We had a good vantage point, as the neighbor's house stands atop a rise, and after ten minutes or so the fire was about knee-high. The land had been recently cleared of brush so there wasn't any obvious imminent danger, and soon enough we heard the sirens and then a few firetrucks pulled up to what amounts to the edge of the local prairie, off in the distance. The local heroes finished their sandwiches and hopped out, and made their way across the field. I nearly peed my pants from all of the excitement. What was cool, though, was the sound of all the coyotes howling down in the brush-filled gully. They got whipped up into a suburban frenzy from the sound of the sirens.

Anyway, I haven't heard if they caught the boys, but my money's on the neighbor kid who home-schools himself. The wife and I were having lunch out on the patio last week when a wine cooler bottle came flying over the fence and shattered into a million pieces on the pavers near us. I turned on the dad voice, and almost felt a bit guilty about it as it scares even me. Almost, that is, since I've got a little kid of my own now, and that changes things. Hey, I was young and stupid as a kid, too, and maybe if I'd been caught and held accountable more back then, it wouldn't have taken me so long to snap out of it. I made him clean it up, but not without intimidating him first.

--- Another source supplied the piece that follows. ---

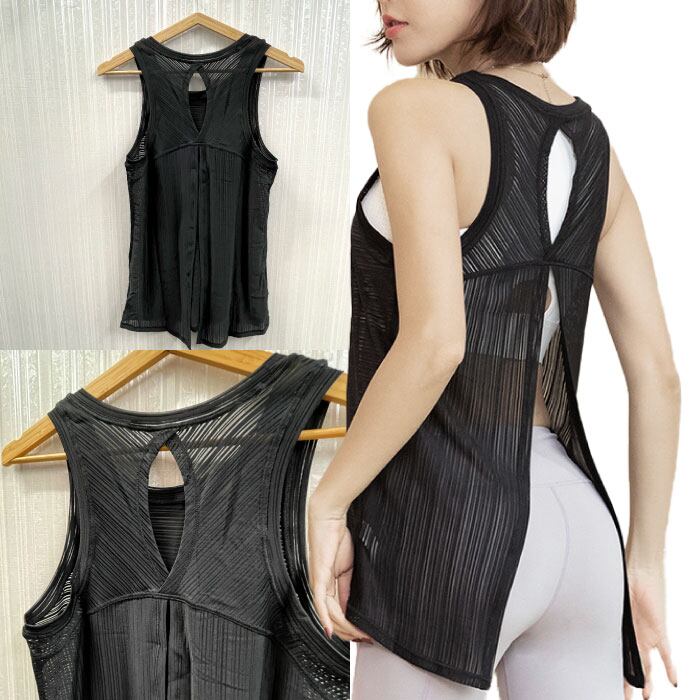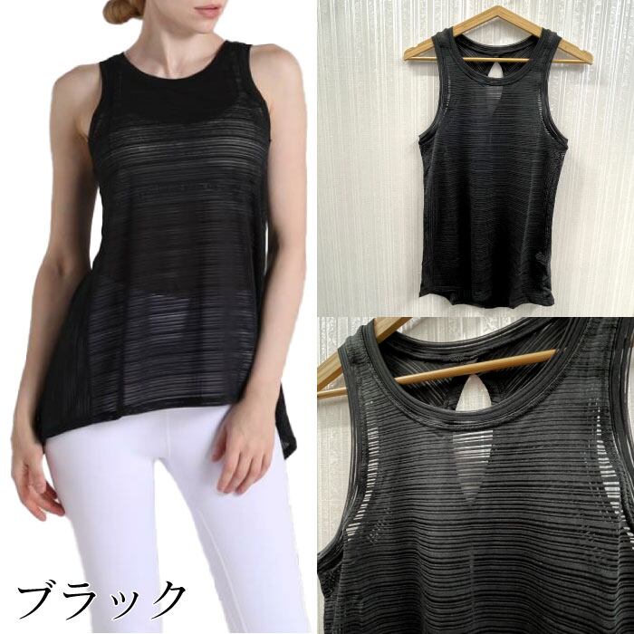 ヨガ タンクトップ トップス レディース スポーツ シースルー メッシュ フィットネス ジム モノトーン くすみカラー トレーニング デザインタンクトップ エアロビ エクササイズ ダンス 筋トレ シンプル セクシー 定番 ウェア ブラック ホワイト sw420t

And yes, I said "home-schools himself". This is the answer I got when I asked him why he wasn't in school. See? The world really is coming to an end. This is the generation that will be minding us in the Oceanside Old Folks' Home!

And three of the Four Horsemen of the Apocalypse have arrived in Lake Elsinore. Seriously, have you ever been there? Lake Elsinore is a miserable place, I drive by it all the time. So if you find yourself stuck in Lake Elsinore and a few guys named "Turk", "McCabe", and "Wayne 'No-Nose' Gardner" stop to help, REFUSE -BY ALL MEANS- REFUSE! You'll recognize "No-Nose" because he- well... check it out for yourself.